VIP patients should be treated differently

By Larry Mellick, MD, FACEP

Chair and Professor, Department of Emergency Medicine

Section Chief, Pediatric Emergency Medicine

Medical College of Georgia, Augusta

Consulting Editor, ED Management

We in emergency medicine have become experts at managing unique sets of patients with special needs. It is my opinion that VIPs and celebrities comprise just another set of those patients with special needs. Organizational rank, positions of authority, and celebrity status bring with them certain risks and social and cultural demands. It is impossible to deny the fact that VIPs have special needs.

In fact, dangers exist in not carefully managing the emergency medical care of VIPs or celebrities. Besides the obvious dangers and risks that presidents and other national leaders may experience, there are issues of privacy, comfort, and confidentiality that must not be ignored. It is common sense to protect a celebrity from exposure to the paparazzi or news media, autograph seekers, and the curious. By treating them differently, we care for them as valued patients with special needs.

Recently, when there was some disagreement on this issue in my own department, we asked a discerning question. "What if Tiger Woods presented to our ED with a medical condition during the week of The Master’s golf tournament? Would his presence in our waiting room put him at any special risks? By not treating Mr. Woods differently, would there be disruptions to the care of others?" The answer was obvious.
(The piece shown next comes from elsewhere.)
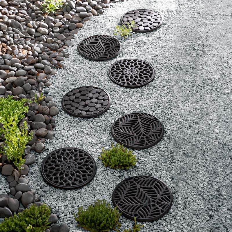 These stepping stones make an instant non-slip path in the garden. No prep is necessary; just drop and go! Long-lasting vulcanized coir rubber wont crack, chip, or break. The recycled rubber mats are an eco-friendly and long-lasting solution for your garden. Use several sets of three to create a path. You can also use them as accents in a flower...read more

What if the patient is the CEO of your hospital? Is it practical to not act or respond differently to such patients? We can’t deny the fact that the unique needs of these patients require us to treat them differently.
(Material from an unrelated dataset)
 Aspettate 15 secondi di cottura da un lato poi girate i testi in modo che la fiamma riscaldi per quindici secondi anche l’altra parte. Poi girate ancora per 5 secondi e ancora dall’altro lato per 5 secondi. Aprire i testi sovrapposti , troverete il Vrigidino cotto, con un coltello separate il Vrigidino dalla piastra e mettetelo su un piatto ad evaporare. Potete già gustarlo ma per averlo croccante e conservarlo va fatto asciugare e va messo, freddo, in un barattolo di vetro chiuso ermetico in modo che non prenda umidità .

Everyone would agree that the president, a senator or congressman, the city mayor, local professional sports team members, or your hospital CEO could be considered VIPs at some level. Do your family members qualify as VIPs? Perspectives seem to transition when opponents to special treatment for VIPs are given specific examples. One young physician opposed to a policy for VIP patients stated, "To the waiting room with them all." However, when asked how he would like to have his wife treated, his perspective faltered.

Why do we resist? Let’s admit it. The reasons some of us resist treating celebrities or VIPs differently are based more on our disdain for the social elite than on altruistic feelings for the common folk, the poor, and socially disenfranchised. Or perhaps, we harbor vestiges of an "anti-establishment" outlook left over from an era past. Others might think this is an ethical issue based on Judeo-Christian tenets that discourage treating the privileged differently. Here are my suggestions:

o Show deference, but don’t practice bad medicine. What’s wrong with showing a degree of honor and deference to those who have been vested with positions of honor? Isn’t this part of social structure that gives some degree of community cohesion and order? On the other hand, we cannot compromise the medical care of the celebrity or other patients in the process of showing special respect to the VIP or while meeting their unique needs.

o Shouldn’t everyone be a VIP? Let’s consider the possibility that if we aren’t treating everyone like a VIP, then our system might need some operational improvements. The very fact that we have to treat patients differently should be a bellwether that our service needs to be overhauled. Why not move all of our patients immediately out of the waiting area and into a treatment room using bedside registration? Why isn’t timely turnaround of laboratory and radiology tests and patient throughput a priority for everyone? Are confidentiality and patient safety aggressively safeguarded for all of our patients?

"To the waiting room with them all" is not the correct attitude and is unfair to all of our patients, VIP or not. Let’s treat everyone just as we would like to be treated. There has to be a happy medium. Of course, we can’t compromise medical care of other patients in the ED during the process of caring for a celebrity. However, the confidentiality, safety, and comfort of the celebrity should not be placed at risk, either. Policies for the management of VIPs must be developed. (See policy, p. 91.)

Like it or not, the potential for disruption will always be present when a VIP presents for medical care in your ED. It is our responsibility to have an adequate plan for meeting the needs of the celebrity patient as well as the needs of our other patients.